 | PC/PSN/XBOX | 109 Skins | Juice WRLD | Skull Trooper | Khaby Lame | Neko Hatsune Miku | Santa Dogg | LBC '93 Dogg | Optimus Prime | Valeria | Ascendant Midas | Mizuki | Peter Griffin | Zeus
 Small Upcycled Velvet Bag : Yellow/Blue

---

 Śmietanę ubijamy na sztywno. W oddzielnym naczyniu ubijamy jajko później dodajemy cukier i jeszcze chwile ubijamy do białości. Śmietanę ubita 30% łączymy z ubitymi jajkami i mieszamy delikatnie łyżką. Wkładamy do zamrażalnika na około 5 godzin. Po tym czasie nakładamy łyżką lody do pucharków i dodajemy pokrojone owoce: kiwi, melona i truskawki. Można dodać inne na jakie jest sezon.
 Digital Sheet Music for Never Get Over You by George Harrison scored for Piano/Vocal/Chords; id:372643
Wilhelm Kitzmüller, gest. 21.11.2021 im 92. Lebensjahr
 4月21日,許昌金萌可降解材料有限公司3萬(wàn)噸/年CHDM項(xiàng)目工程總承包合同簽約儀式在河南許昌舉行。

-- What to do --
For this exercise, please output exactly the lines above starting at the line with "Griffin | Zeus" and ending at the line with "Small Upcycled Velvet Bag : Yellow/Blue", ends included.

-- Expected answer --
 | PC/PSN/XBOX | 109 Skins | Juice WRLD | Skull Trooper | Khaby Lame | Neko Hatsune Miku | Santa Dogg | LBC '93 Dogg | Optimus Prime | Valeria | Ascendant Midas | Mizuki | Peter Griffin | Zeus
 Small Upcycled Velvet Bag : Yellow/Blue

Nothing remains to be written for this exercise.